Furthermore, international PEO services offer a level of expertise and support that many organizations may not have in-house. From HR professionals who understand the nuances of local labor laws to legal experts who can navigate complex regulatory landscapes, PEO services can provide valuable guidance and support every step of the way. This can help businesses avoid costly mistakes and ensure compliance with local laws and regulations.

Of course, like any service, there are also potential drawbacks to consider when it comes to international PEO services. Some organizations may be hesitant to outsource critical HR functions to a third party, preferring to maintain greater control over their workforce. Additionally, cost can be a consideration, as PEO services may come with fees that could be prohibitive for smaller businesses.

Another potential drawback of international PEO services is the challenge of ensuring that cultural differences are respected and that communication remains clear and effective across borders.
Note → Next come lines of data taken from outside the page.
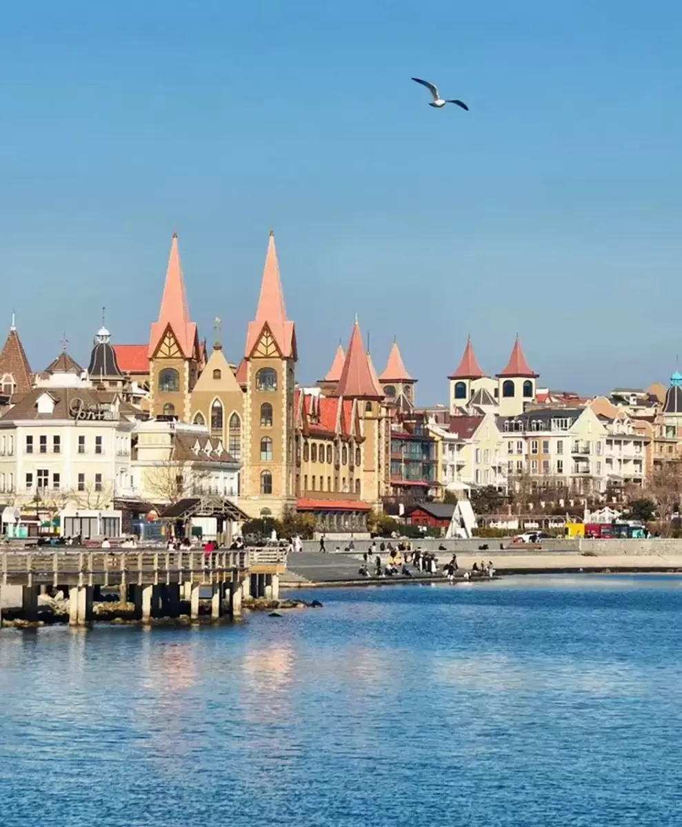 烟台养马岛+海昌渔人码头风景区+烟台山景区+月亮湾+烟台金沙滩海滨公园一日游【果冻海丨孤独的鲸丨可选精品小团】
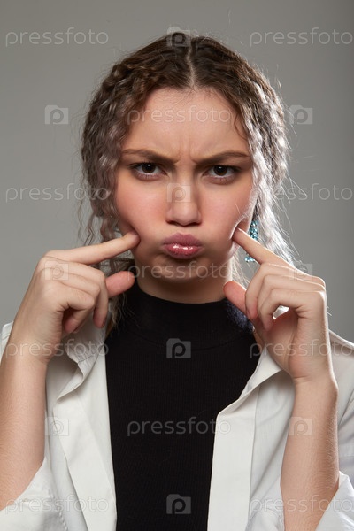 Веселая женщина гримасничает
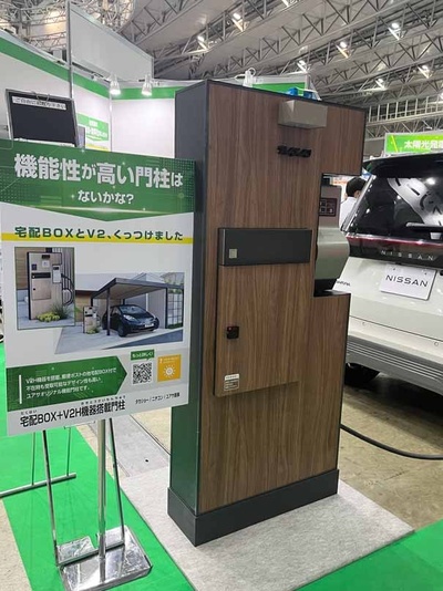 例を挙げると、『V2H機器搭載宅配ボックス付門柱』があります。再生可能エネルギー分野で多数の販売実績を有するユアサ商事と、ガーデン・エクステリアメーカーである株式会社タカショー、V2Hシステム(注2)を業界に先駆けて開発したニチコン株式会社の3社が、デザイン性にも優れ、V2Hシステムや宅配ボックスなどのさまざまな機能を備えた機能門柱を開発しました。宅配便の再配達問題とエネルギーの効率的利用、台風や自然災害による停電対策を掛け合わせた今までありそうでなかった商品となっています。
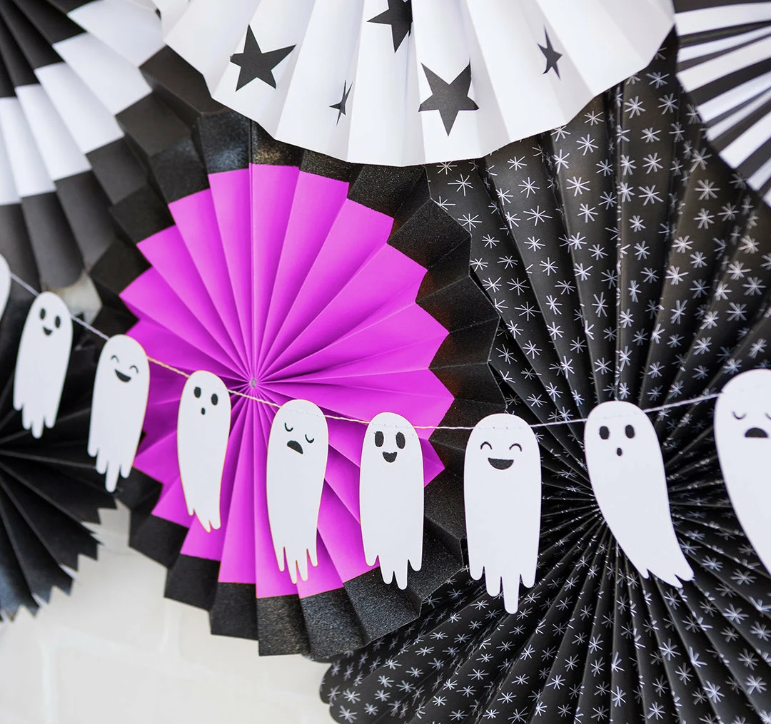 Boo! This whimsical little ghost banner is a great addition to your Halloween decor. Four different ghosts with fun, not-so-scary expressions–the perfect amount of spooky for any Halloween party.
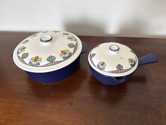 Vintage Mikasa Garden Club Casserole Dish & Sauce Pot Set Blue Floral Japan w/ Lids$30Fontana, CA
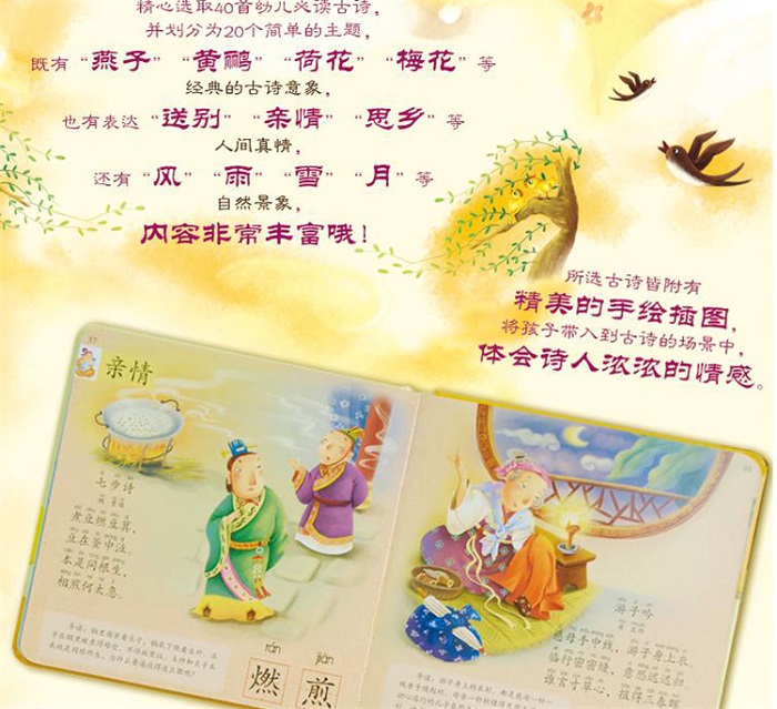 一般说,古文超出了孩子的理解能力,他们的兴趣不会很大,但本书采用多媒体发声朗读的设计,能很好的吸引宝宝的注意力,同时因为古诗合辙押韵,音律优美,朗朗上口,以音频方式播放出来会给人听觉上的享受,所以会让孩子产生很大的学习兴趣。在孩子喜欢的前提下就能坚持听下来,尽管陌生词汇很多,但孩子喜欢听新鲜事物的愿望却得到了较大的满足,在此基础上,会激发孩子的阅读愿望和养成阅读习惯。
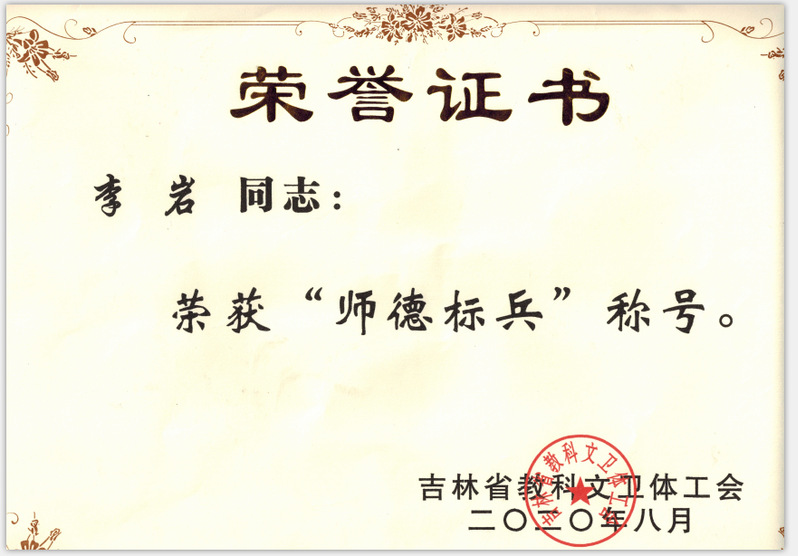 为深入贯彻落实习近平新时代中国特色社会主义思想,按照吉林省教科文卫体系统“扬正气、树行风,争做职业道德标兵”的活动精神,公司党委多方位、多层次强化教职工思想政治教育,深化师德师风建设,坚定理想信念,弘扬和践行社会主义核心价值观,引导和激励教职员工树立“不忘初心、牢记使命”的责任意识和弘扬高尚的职业道德风尚,取得了丰硕成果。李岩老师在全省教科文卫体系统开展了“扬正气、树行风,争做职业道德标兵”活动中荣获“师德标兵”荣誉称号。
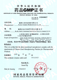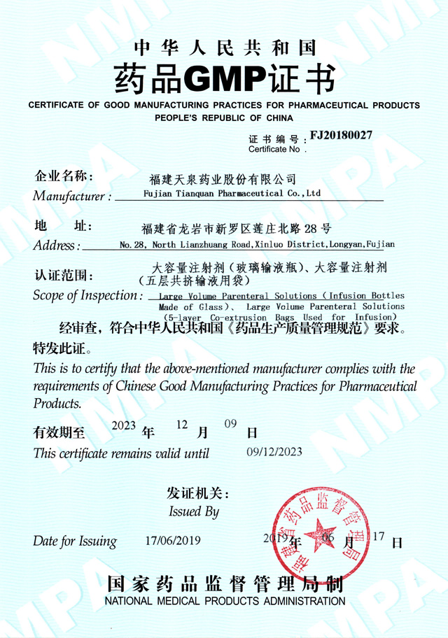 大容量注射劑(玻璃輸液瓶、五層共擠輸液用袋 )GMP證書
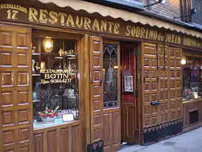 Sobrino de Botín is a Spanish restaurant in Madrid, founded in 1725,[1] that is the oldest restaurant in the world in continuous operation.[2] The artist Francisco de Goya worked in Cafe Botín as a waiter while waiting to get accepted into the Royal Academy of Fine Arts. The restaurant is mentioned in an Ernest Hemingway novel and the book Fortunata y Jacinta by Benito Pérez Galdós (published 1886–1887).
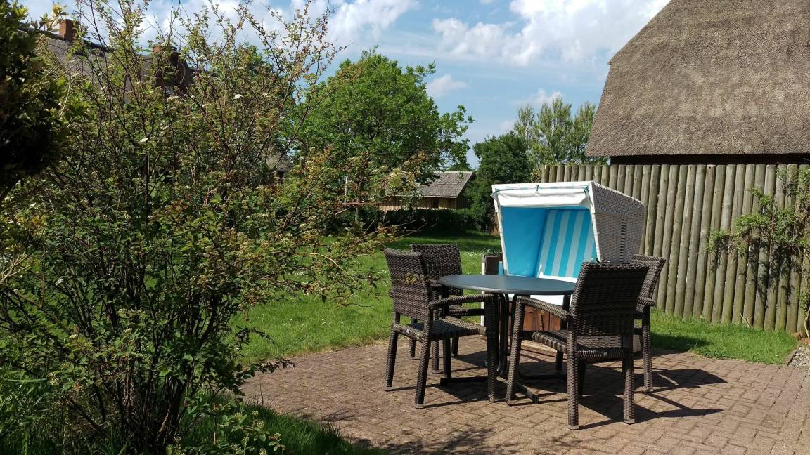 Die Wohnung befindet sich im Erdgeschoss. Es gibt eine voll ausgestattete Küche mit Esstisch, eine gemütliche Couch, ein Kaminofen für kühle Abende, ein Schlafzimmer mit TV und ein Duschbad. Auf der Terrasse mit angrenzendem Garten sind Sitzmöbel und ein Strandkorb (während der Saison) vorhanden. Bei der Couch im Wohnzimmer handelt es sich um eine Schlafcouch - so können 2 Personen auch getrennt schlafen. Im Keller stehen Waschmaschine und Trockner gegen Gebühr zur gemeinschaftlichen Nutzung zur Verfügung.

While PEO services can facilitate global expansion, it’s important to ensure that the values and mission of the organization are still upheld in every location.

Despite these potential drawbacks, the usefulness of international PEO services cannot be understated. For many organizations, the benefits of streamlining HR processes, ensuring compliance, and gaining access to expertise and support far outweigh the potential drawbacks. As businesses continue to expand into new markets and navigate the complexities of a global economy, international PEO services will likely become an increasingly critical tool for success.